**Activity**: In your copy, repeat each record exactly and include no pictures.

*** Data extract ***

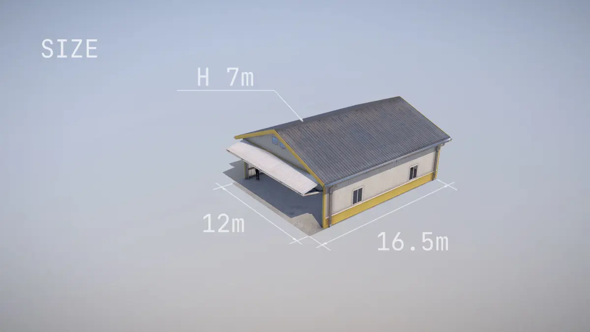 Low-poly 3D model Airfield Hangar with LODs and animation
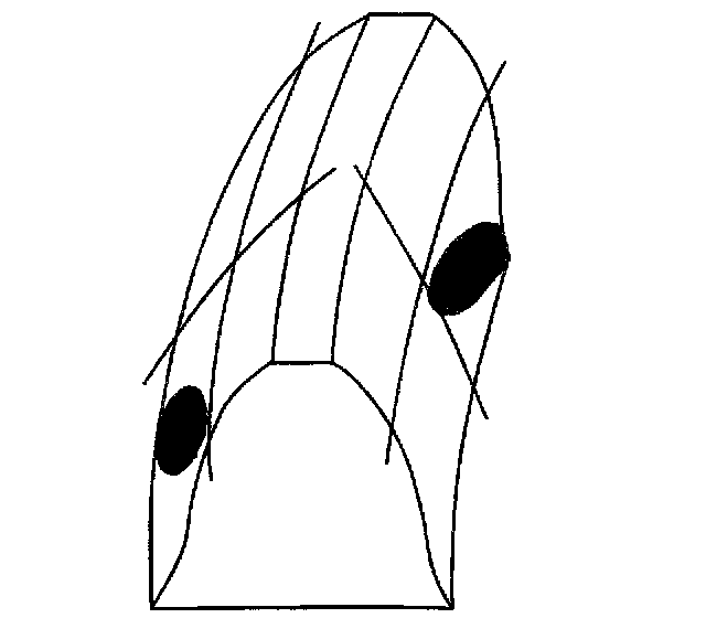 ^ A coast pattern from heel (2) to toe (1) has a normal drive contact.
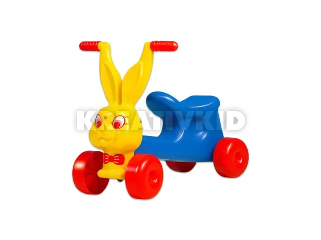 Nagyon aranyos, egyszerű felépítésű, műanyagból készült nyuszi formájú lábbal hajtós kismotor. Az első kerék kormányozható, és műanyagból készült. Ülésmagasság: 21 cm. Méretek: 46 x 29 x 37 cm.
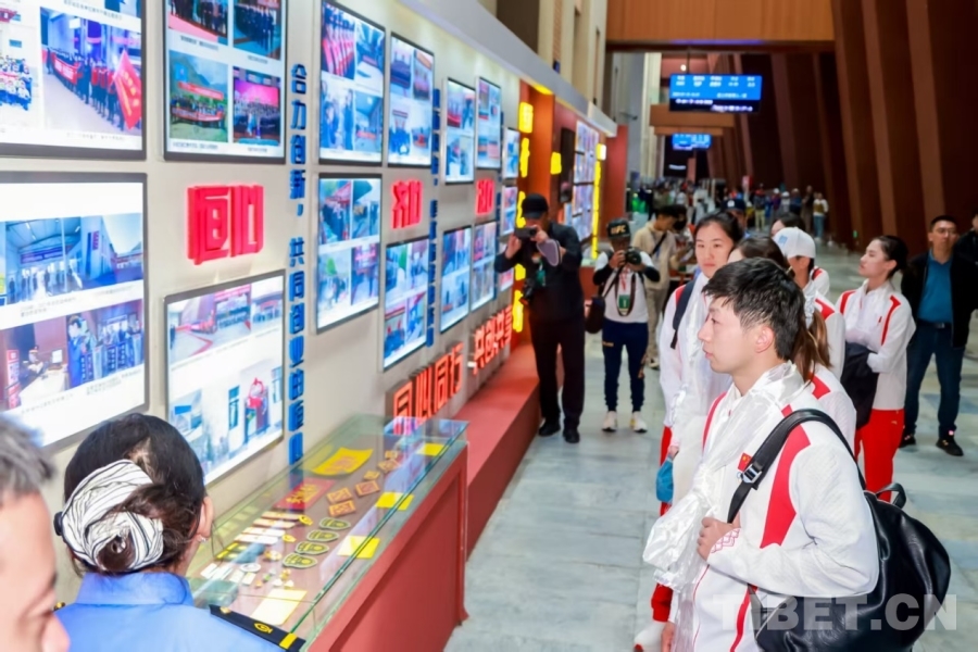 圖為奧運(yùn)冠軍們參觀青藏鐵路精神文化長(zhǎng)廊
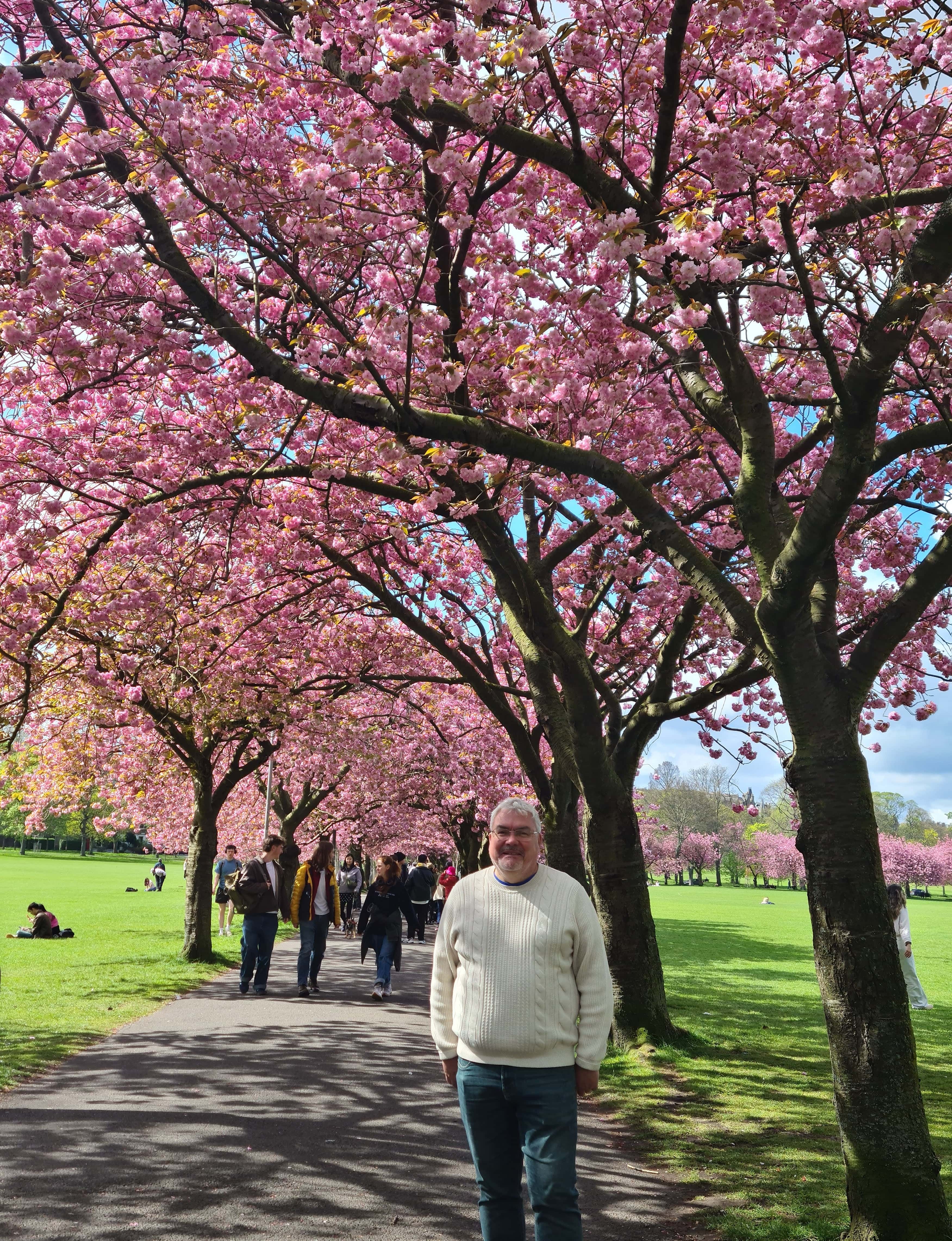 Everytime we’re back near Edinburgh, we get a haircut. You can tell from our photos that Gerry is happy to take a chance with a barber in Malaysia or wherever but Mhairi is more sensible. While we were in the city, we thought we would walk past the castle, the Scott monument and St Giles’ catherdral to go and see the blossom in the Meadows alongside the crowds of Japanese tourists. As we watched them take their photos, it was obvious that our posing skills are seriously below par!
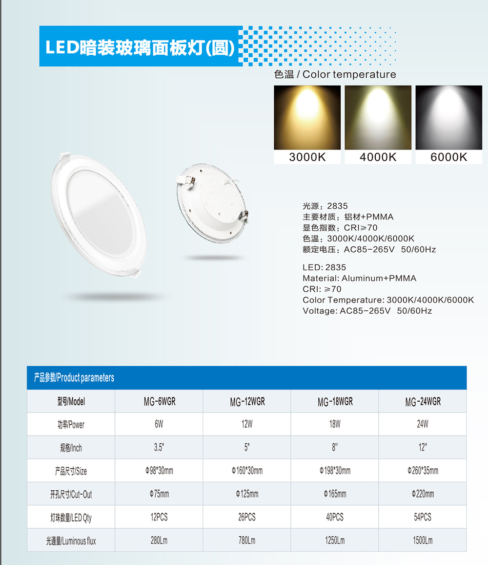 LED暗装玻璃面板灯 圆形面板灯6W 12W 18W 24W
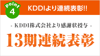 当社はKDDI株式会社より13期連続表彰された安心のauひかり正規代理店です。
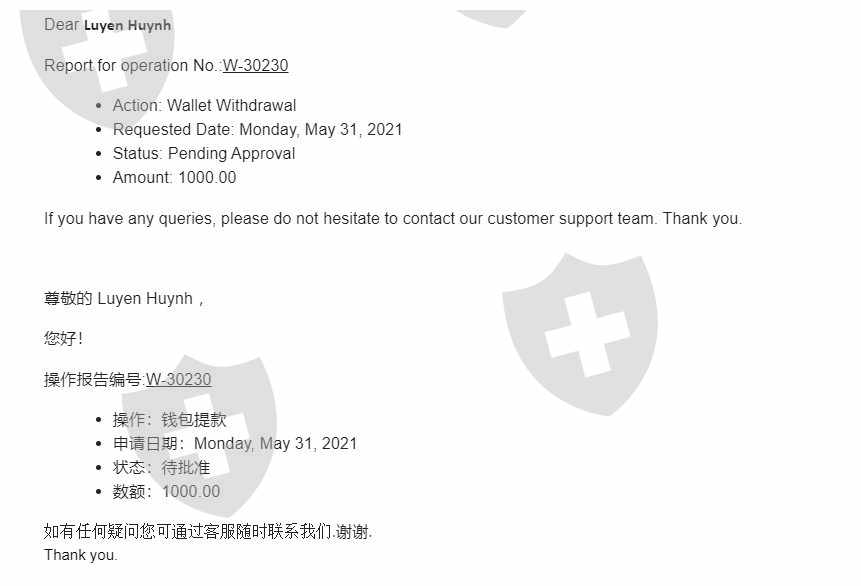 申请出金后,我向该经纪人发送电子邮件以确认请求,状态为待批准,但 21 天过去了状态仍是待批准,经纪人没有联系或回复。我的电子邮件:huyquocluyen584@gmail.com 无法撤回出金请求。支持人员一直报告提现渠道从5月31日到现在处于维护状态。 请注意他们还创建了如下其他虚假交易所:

*** End of Data extract ***

**Your solution**:
 Low-poly 3D model Airfield Hangar with LODs and animation
 ^ A coast pattern from heel (2) to toe (1) has a normal drive contact.
 Nagyon aranyos, egyszerű felépítésű, műanyagból készült nyuszi formájú lábbal hajtós kismotor. Az első kerék kormányozható, és műanyagból készült. Ülésmagasság: 21 cm. Méretek: 46 x 29 x 37 cm.
 圖為奧運(yùn)冠軍們參觀青藏鐵路精神文化長(zhǎng)廊
 Everytime we’re back near Edinburgh, we get a haircut. You can tell from our photos that Gerry is happy to take a chance with a barber in Malaysia or wherever but Mhairi is more sensible. While we were in the city, we thought we would walk past the castle, the Scott monument and St Giles’ catherdral to go and see the blossom in the Meadows alongside the crowds of Japanese tourists. As we watched them take their photos, it was obvious that our posing skills are seriously below par!
 LED暗装玻璃面板灯 圆形面板灯6W 12W 18W 24W
 当社はKDDI株式会社より13期連続表彰された安心のauひかり正規代理店です。
 申请出金后,我向该经纪人发送电子邮件以确认请求,状态为待批准,但 21 天过去了状态仍是待批准,经纪人没有联系或回复。我的电子邮件:huyquocluyen584@gmail.com 无法撤回出金请求。支持人员一直报告提现渠道从5月31日到现在处于维护状态。 请注意他们还创建了如下其他虚假交易所:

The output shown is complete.